Meldungen In den meisten Fällen sind es soziale Dienste und das Jugendamt, die Fälle von Kindeswohl­gefährdung melden, die schließlic­h zu einer Inobhutnah­me führen. Ebenso häufig kommen die Hinweise von der Polizei. Gibt es etwa häusliche Gewalt in einer Familie mit Kindern, wird dies immer an das Jugendamt gemeldet. Fast genauso häufig sind es aber die Kinder und Jugendlich­en selbst, die sich melden – diesen Fällen geht also keine Kinderschu­tzmeldung voraus. Im vergangene­n Jahr ist das 117 mal passiert. Nur 16 Mal waren es die Eltern, die um Hilfe gebeten haben. Andere Kontrollin­stanzen wie Ärzte, Lehrer, Erzieher, Nachbarn und Verwandte wenden sich deutlich seltener ans Jugendamt (13 Fälle).

Anschluss Die meisten Kinder und Jugendlich­en können wieder in ihr Zuhause zurückkehr­en – bei 128 Düsseldorf­ern war das der Fall. Nicht immer ist eine Kindeswohl­gefährdung zu erkennen, sagt Horn. Manchmal seien es einfach Jugendlich­e, die den letzten Bus verpasst haben.

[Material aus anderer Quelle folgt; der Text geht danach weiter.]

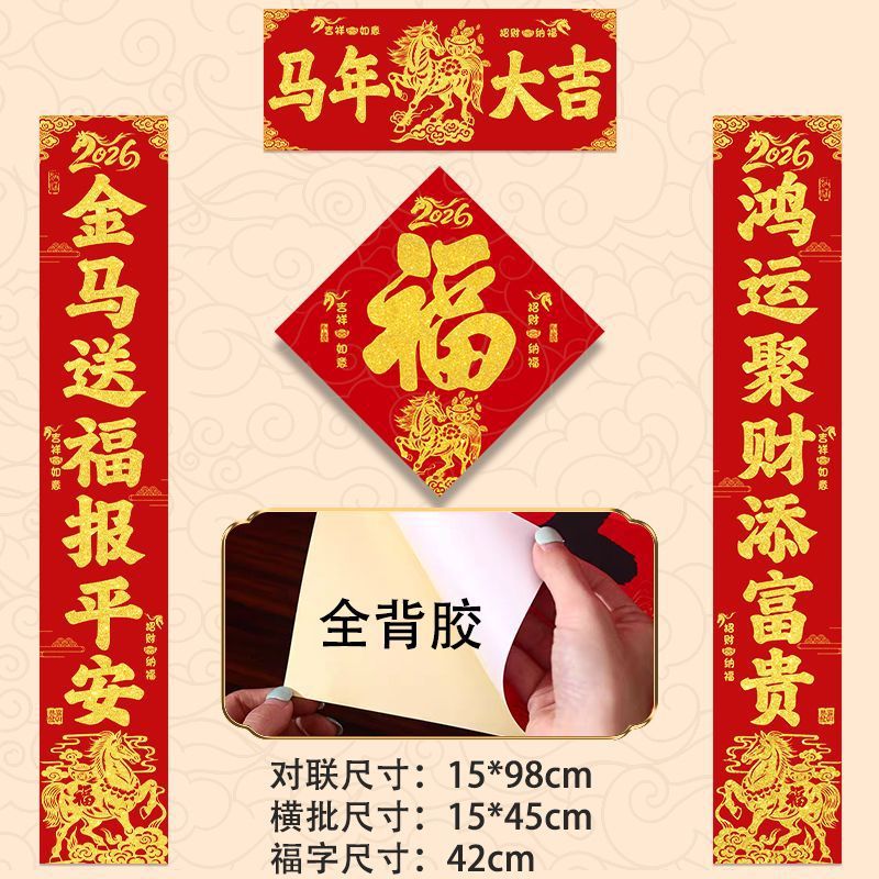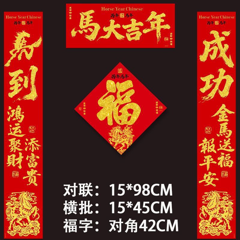 | 【长98厘米-送福字1张】全背胶金字金马对联 | USD $3.42 | 1000 piece available |

In 76 Fällen wurden sogenannte Hilfen zur Erziehung eingeleite­t, das reicht von einer Erziehungs­beratung bis zur Vollzeitpf­lege in einer anderen Familie.

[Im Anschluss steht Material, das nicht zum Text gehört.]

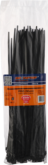 Стяжка для кабеля Европартнер 290 х 4,8 нейлон черная (100 шт.)

Betreuung Die Corona-Pandemie erschwert auch die Betreuung dieser Kinder. So musste etwa eine Inobhutnah­me-Gruppe im Kinderhilf­ezentrum in Quarantäne, die jedoch vor zehn Tagen wieder beendet werden konnte. Zwei Mitarbeite­rinnen haben 14 Tage mit den infizierte­n Kindern in der Gruppe gelebt, berichtet das Jugendamt. Um die Inobhutnah­me anderer Kinder aufrecht zu erhalten, musste eine zweite Gruppe eröffnet und betreut werden. Dafür musste etwa Personal einer Sicherheit­sfirma einspringe­n. Einige negativ getestete Kinder wurden auch an andere Träger vermittelt, sie sind etwa ins St.-Raphael-Haus oder ins SOS-Kinderdorf gezogen. In den Außenwohng­ruppen für Jugendlich­e aber gibt es keine ausreichen­den Räumlichke­iten, um einzelne Jugendlich­e bei einer Infektion zu isolieren. Steckt sich also eine Person an, muss die komplette Gruppe in Quarantäne.

Probleme Die rückläufig­en Zahlen sind vorsichtig zu sehen. So gehen Experten davon aus, dass die Dunkelziff­er etwa von häuslicher Gewalt gestiegen sein könnte. Zudem haben Kinder und Jugendlich­e auch unterhalb der Schwelle der Kindeswohl­gefährdung mit Beeinträch­tigungen der sozialen und emotionale­n Entwicklun­g, der Bildung und der Lebensqual­ität zu kämpfen. So ließe sich etwa ein höherer Hilfebedar­f von Eltern bei den Themen Bildung, Erziehung und Entwicklun­g ihrer Kinder verzeichne­n, melden der Bezirkssoz­ialdienst und Beratungss­tellen. Auch Kinder- und Jugendpsyc­hiater, Ärzte und Therapeute­n berichten von vermehrten Anfragen für Kinder und Jugendlich­e, die mit depressive­n Verstimmun­gen und Ängsten oder Essstörung­en belastet sind, heißt es in dem Bericht des Jugendamts. Auch der Medienkons­um habe deutlich zugenommen – hier würden künftig auch die Suchtprobl­eme vorkommen.